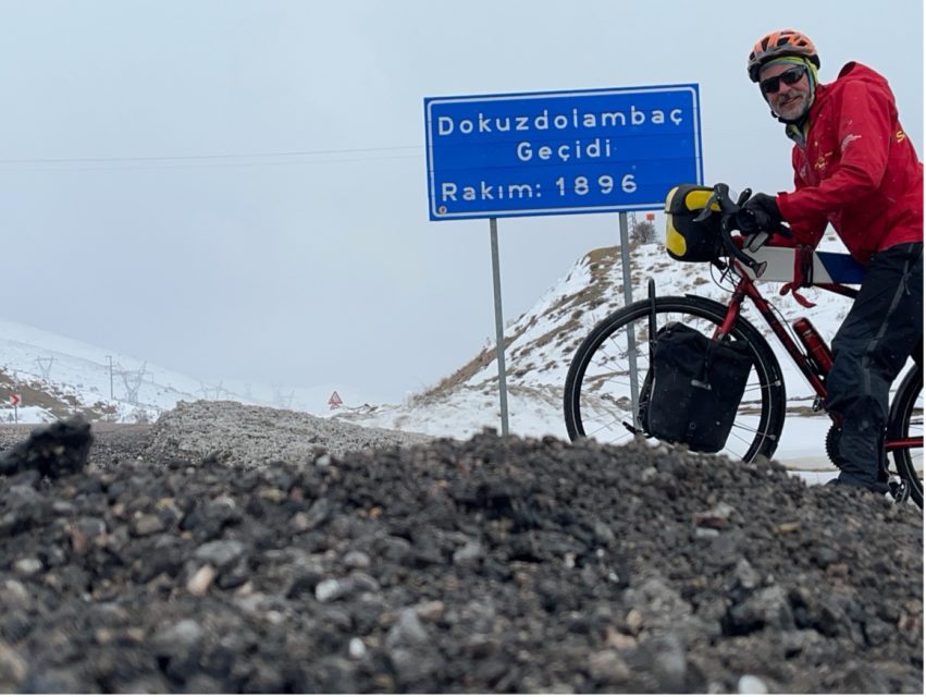 En Turquie, les petites routes prennent souvent des airs de pistes très peu praticables à vélo. Après une belle journée de ski sur le domaine d’Ulludag, au-dessus de la ville de Bursa où, de passage 25 ans plus tôt, « je m’y étais juré d’y revenir une fois pour skier », il s’offre un trajet en bus pour parcourir en une nuit ce qui lui aurait pris une semaine en vélo. L’objectif de ce léger détour est d’aller skier et randonner au pied du Mont Erciyes, un spectaculaire volcan de 3916 mètres. Dans les plaines d’Anatolie, situées à 1500 mètres d’altitude, tout est blanc et c’est splendide.
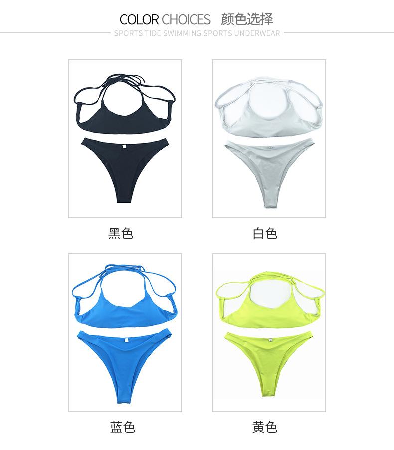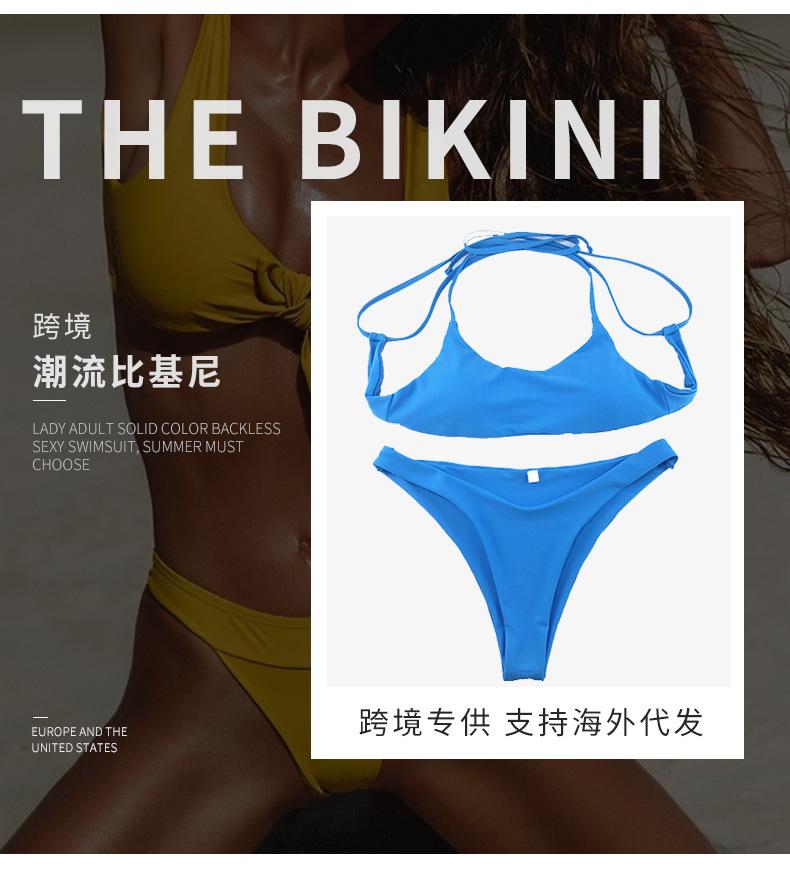 Traje de baño sexy con tirantes sin espalda de color sólido para damas adultas al por mayor, nuevo bikini dividido europeo y americano transfronterizo
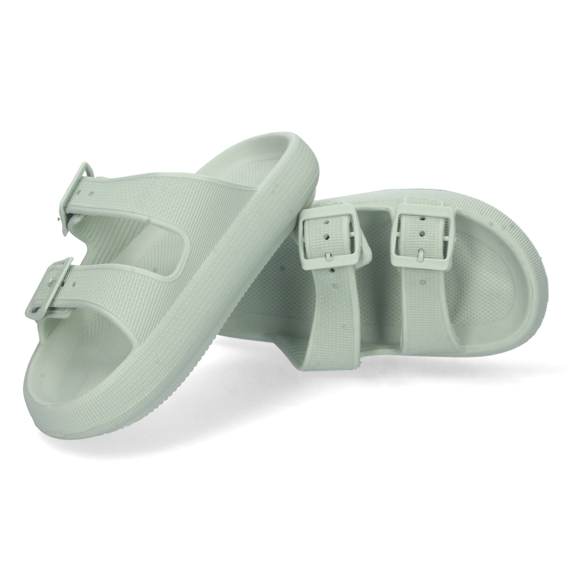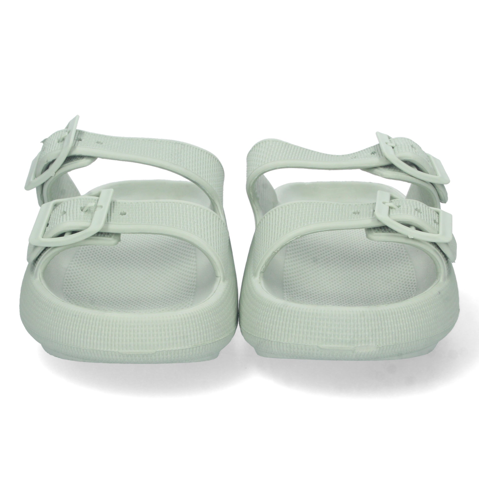 Sandalia Plana para Mujer Comoda y Acolchada Doble Pala con Cierre de Hebilla y Talon Abierto
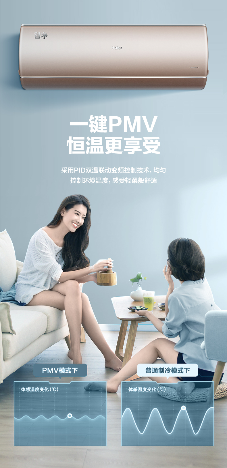 海尔(Haier)新一级 大1.5匹 智净 变频冷暖 壁挂式空调挂机 KFR-35GW/81@VU1-Ca(金) 自营
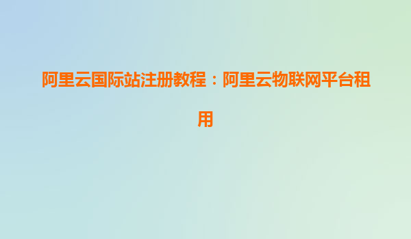 阿里云国际站注册教程:阿里云物联网平台租用
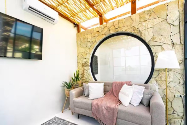 Бассейн с зоной отдыха. Маленькая гостиная с кондиционером, обеденным столом и кухней.
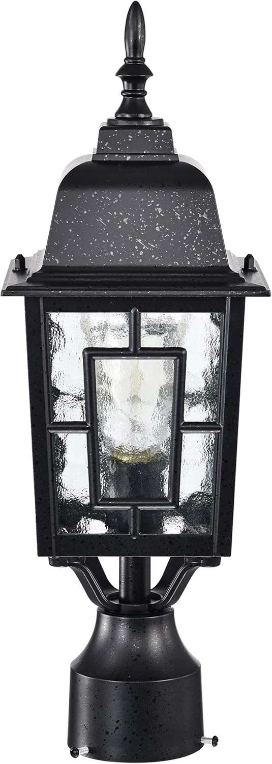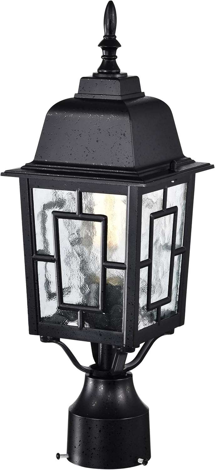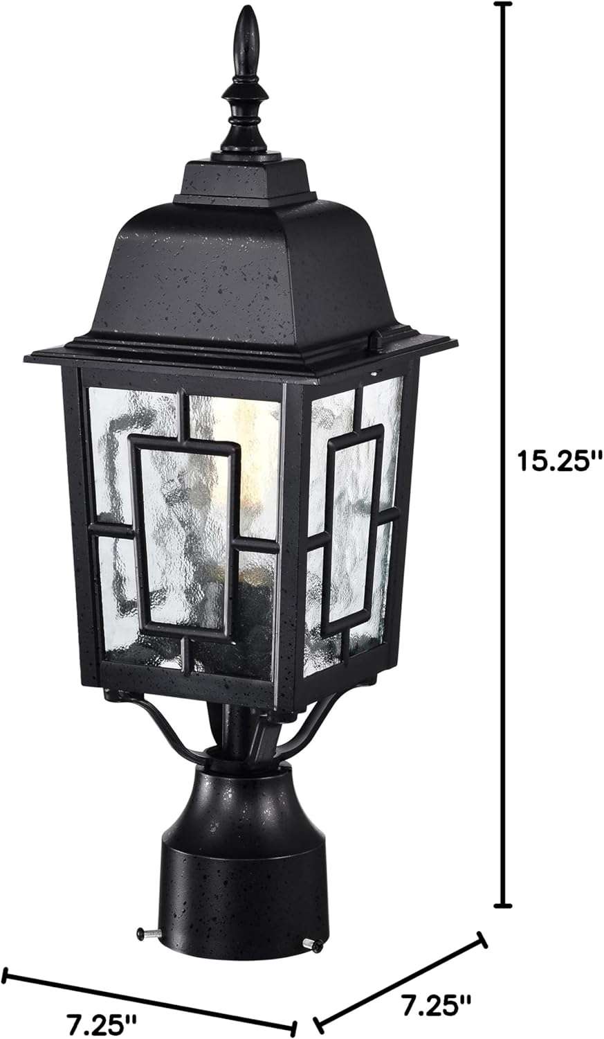 INCLUDES- (1) Black Aluminum Post Light Lantern Fixture with Glass (7.25 x 7.25 x 15.25 Inches) 100 Watts/120 Volts; post and bulbs not included

* _Exercise requirements_
Begin with the line containing "海尔(Haier)新一级 大1.5匹 智净", stop at the last line of the records above, and copy every line in between exactly, both ends included, with no pictures.

* _Solution_
 海尔(Haier)新一级 大1.5匹 智净 变频冷暖 壁挂式空调挂机 KFR-35GW/81@VU1-Ca(金) 自营
 阿里云国际站注册教程:阿里云物联网平台租用
 Бассейн с зоной отдыха. Маленькая гостиная с кондиционером, обеденным столом и кухней.
 INCLUDES- (1) Black Aluminum Post Light Lantern Fixture with Glass (7.25 x 7.25 x 15.25 Inches) 100 Watts/120 Volts; post and bulbs not included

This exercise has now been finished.